The mayor prior to Cr Hampton was Cr Brian Cunial.
In June last year a 5-3 majority of councillors voted to amend Frankston Council’s communications policy to encourage staff “to create, and maintain, positive working relationships with local media outlets”.
Crs Glenn Aitken, Kris Bolam, Quinn McCormack, Lillian O’Connor and Steve Toms voted for the push to improve relations with the local media. Crs Cunial, Hampton and Sandra Mayer voted against the adoption of that policy.
Cr Michael O’Reilly was not at the meeting.
The mayor said he does not believe the “informative article” in the Frankston City News breached council’s policies.
“Council’s Frankston City News editorial committee, including councillors and the executive management team, review and approve each edition of Frankston City News prior to print,” Cr Hampton said in a statement.
“After reviewing the Frankston City News editorial committee Terms of Reference, Communications Policy and the Councillor Code of Conduct, I do not believe in my opinion that there have been any breaches made as a result of my informative article.
“All councillors are provided with an opportunity to review Frankston City News content before it is authorised by myself as mayor to go to print.”

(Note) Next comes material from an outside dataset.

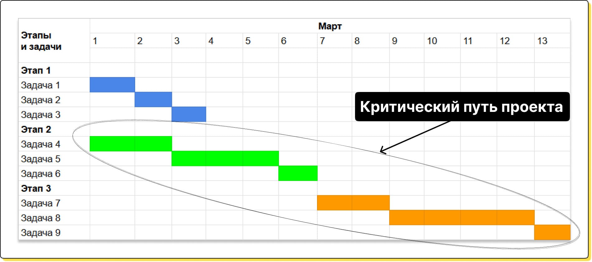 Метод критического пути — способ управления проектами, который помогает находить критические пути и контролировать сроки сдачи проекта.
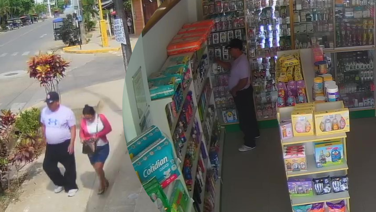 Los ladrones ingresaron a la botica Altomayo ubicada en la cuadra 12 de la Av. Circunvalación en Tarapoto, como si fueran clientes. Mientras la mujer distraía a la vendedora, el sujeto se apoderaba de los frascos de champo y los colocaba en sus partes íntimas para no levantar sospechas. Luego de haber cometido su fechoría, ambos se retiran del negocio como si nada hubiera pasado.

Cr Bolam, who introduced the notice of motion last year for council to change its communications policy, told The Times he will be speaking to council CEO Dennis Hovenden and the mayor about the publication of the “Keeping our community informed” column without consultation with all councillors.
“The column is inconsistent with the policy and is potentially damaging relations with the press,” he said.

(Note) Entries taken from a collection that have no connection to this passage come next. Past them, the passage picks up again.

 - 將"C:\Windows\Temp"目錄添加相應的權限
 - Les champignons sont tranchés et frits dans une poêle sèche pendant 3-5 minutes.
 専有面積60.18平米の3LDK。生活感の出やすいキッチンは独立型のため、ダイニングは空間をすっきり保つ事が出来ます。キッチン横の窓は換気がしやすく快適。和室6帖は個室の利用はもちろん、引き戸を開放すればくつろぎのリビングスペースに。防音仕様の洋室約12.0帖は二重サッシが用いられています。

“If we’re openly questioning the role of media, that’s something that requires a conversation with councillors and is not something that should be done unilaterally by the mayor.”
Cr Bolam noted the mayor is council’s official spokesperson and should, in his view, “reflect the will of the council” in the role.
“The council to my knowledge has not declared war on the free press.”
In the column, Cr Hampton directed Frankston ratepayers and residents towards council’s official “communication channels” including Facebook and Twitter to be “accurately informed about local decision making, events, project updates and how your rates are spent”.
The government in the UK banned British councils in 2010 from printing “their own newspapers” on a regular basis.
Then UK Local Government Minister Eric Pickles said the freesheets are “Town hall Pravdas” that undermine commercial news businesses and “present a glossy view of their local councils compared to the critical, independent approach taken by local newspapers”.
Frankston Council CEO Dennis Hovenden ended all council advertising in The Times early last year citing rate capping by the Labor state government as the reason council would no longer pay for adverts in the newspaper.
Council has continued to advertise with News Corp’s Frankston Standard Leader and publications owned by other publishers.